[Items listed in a dataset]
========================================
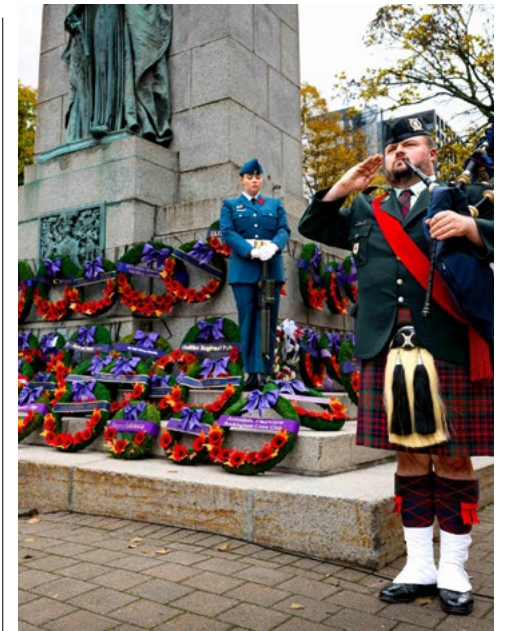
Couronnes déposées au cenotaphe de Grand Parade lors des cérémonies du jour du Souvenir 2025 à Halifax.

Au cas où vous ne l'auriez pas remarqué, les conflits et les troubles continuent de s'intensifier à travers le monde. C'est un fait que nous ne pouvons ignorer ou souhaiter faire disparaître sans y faire face avec courage et détermination. Je suis reconnaissant que le Canada continue de valoriser à la fois la paix et la préparation. Nous avons désormais le devoir moral d'enseigner aux
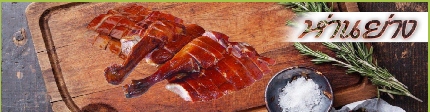
ห่านย่าง

เที่ยง รับประทานอาหาร ณ กัดดาการ *****เมนูท่านอย่างต้นตำหรับฮ่องกงแสนอร่อย*****
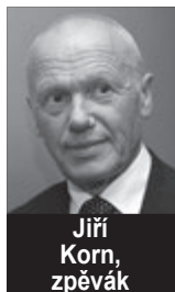
Jiří Korn, zpěvák
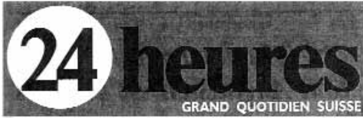
Planche 9 : Le directeur du Centre d'études sur les nouvelles religions (Cesnur) s'est exprimé à plusieurs reprises dans la presse pour critiquer vivement le rapport parlementaire.

Mardi 22 avril 1997 - N° 92 - Frs. 1,70 (TVA 7% incluse) - FF. 6,80 - 66 ****
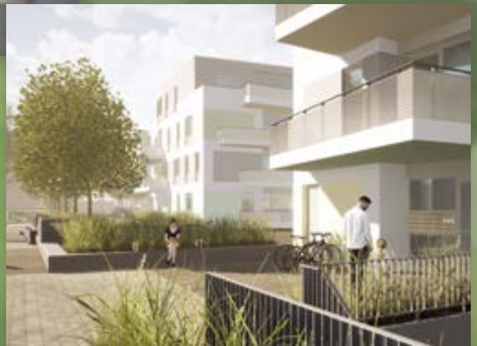
Visualisierung BWG Stadthäuser
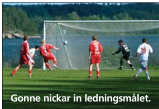
Gonne nickar in ledningsmålet.

Peratten, som blåste liv i matchen 17.00, fick redan efter 8 minuter skåda huru Brisse var nära att måla på en Gonnehörna. Brisse tackar Gonne genom att i den 12:e nicka tillbaka, dock inte samma boll, vilket Gonne använder sin nyklippta lugg till att nicka in 0-1.
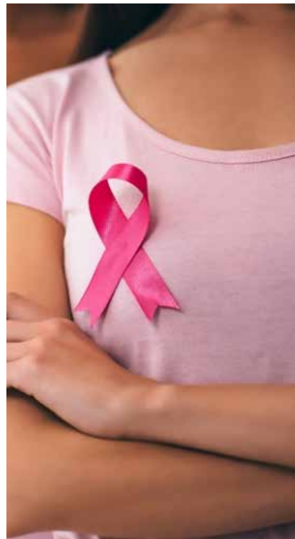
O movimento 'Outubro Rosa' tem o objetivo de chamar a atenção para essa doença e à necessidade da realização de exames rotineiros
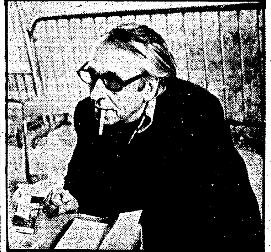
PARIGI — Il filosofo Louis Althusser
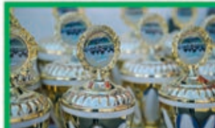
Preise und Pokale für die Schönsten
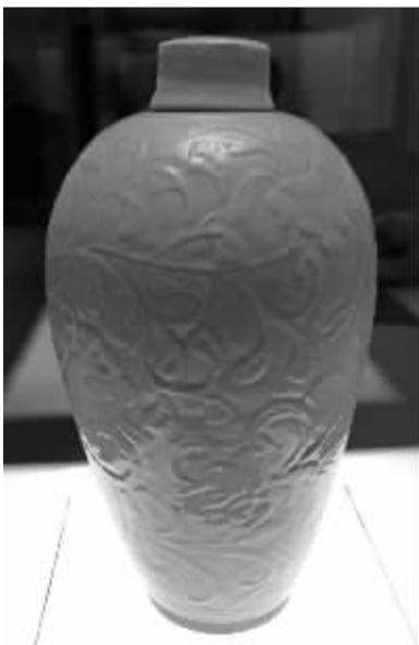
南宋景德镇窑青白釉刻划缠枝花卉纹瓷梅瓶
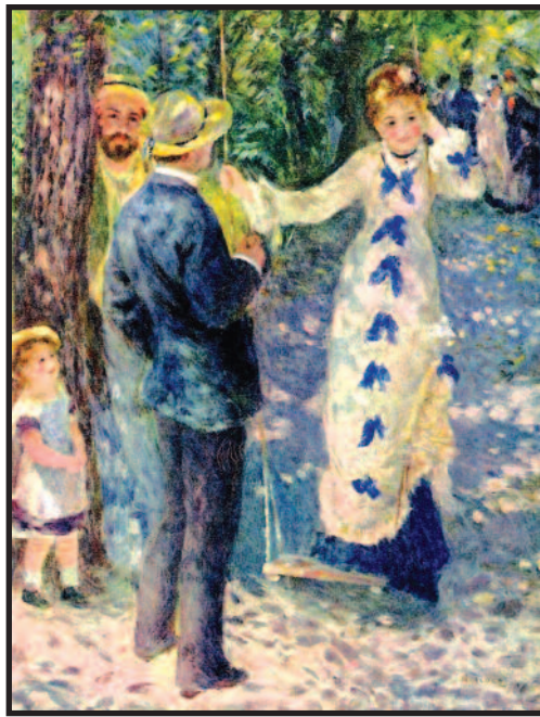
Pierre-Auguste Renoir. Sūpynės

Gyvenimą baigė Panevėžyje, labai skursdama, vieniša, tačiau galėjo daugiau laiko skirti rašymui. Nuo 1925 metų parašė daug atsiminimų iš savo gyvenimo ir veiklos, 1933 m. sukūrė romaną „Ad astra“, kuriame nemažai autobiografinių motyvų. Iki pat gilios senatvės klausėsi radijo, domėjosi šalies gyvenimu. Mirė 1943 m. sulaukusi 83 metų. □
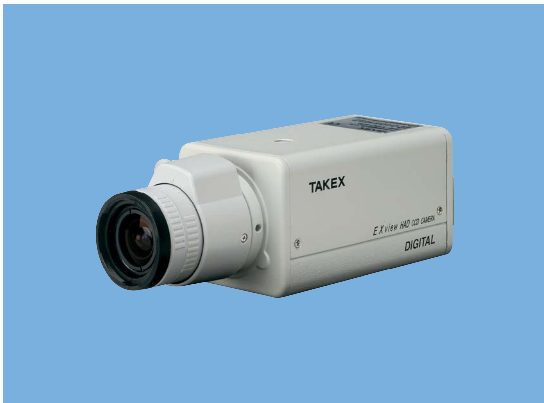
レンズは別売品です
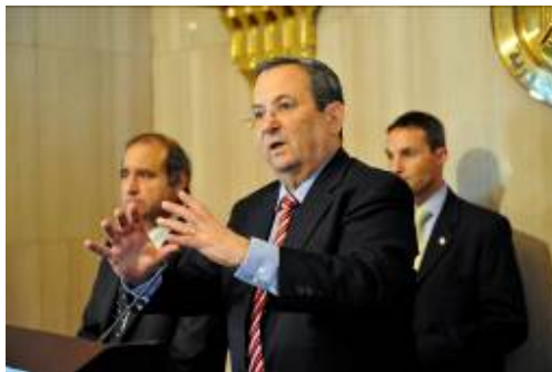
שר הביטחון ברק בתדרוך העיתונאים ( משרד הביטחון, 21 ביוני.)

■ בתדרוך כתבים בסיום הפגישות אמר שר הביטחון שהשיחות עסקו באתגרים רבים, בין השאר במצב הנוכחי באיראן, התוכנית הגרעינית של איראן והשפעתה על האזור, תוצאות הבחירות בלבנון, המצב ברצועת עזה, יוזמת נשיא ארה"ב אובמה להסדר שלום אזורי, המשא ומתן עם הפלסטינים ונושא גלעד שליט. לשאלה בנוגע לגלעד שליט ענה שר הביטחון כי "כרגע לא מתנהל מו"מ ואני הייתי מעדיף בנושא גלעד שליט לא להכריז הכרזות" (משרד הביטחון, 21 ביוני).
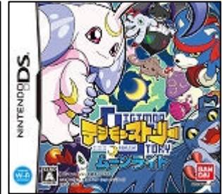
パッケージ (ムーンライト)

また登場する『デジモン』はゲームオリジナルを含む総勢 400 体以上を収録。『サンバースト』『ムーンライト』それぞれのソフトでパートナーとなるデジモンが異なるほか、入手しやすい『デジモン』も異なるので、プレイヤーは『デジモン』のコレクションも楽しむことができます。
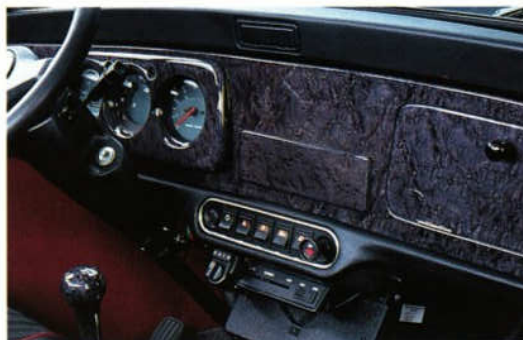
Abb. 4 Vogelaugenahorn-Holzarmaturenbrett

Edel und sportlich geht es im Innenraum zu: das ergonomisch geformte 3-Speichen-Lederlenkrad, mit hochwertigem Leder einteilig bezogen und mit Handkrenznaht veredelt ( \varnothing 340 mm; Abb. 1) oder das Holzlenkrad mit eingelegtem, farblich abgestimmtem Edelholzring ( \varnothing 360 mm; Abb. 2); Ästhetik par excellence vermitteln die Holzarmaturenbretter aus Wurzelholz oder anthrazitfarbenem Vogelaugenahorn (Abb. 3 und 4). Und für ein ungetrübbtes Klangvergnügen in Ihrem MINI gibt es selbstverständlich auch die passende Radiokonsole (Abb. 5 und 6).
========================================
- _The problem_
Every line in the entries that contains the word "Gonne" should be counted, and the total stated alone.

- _Output for this task_
2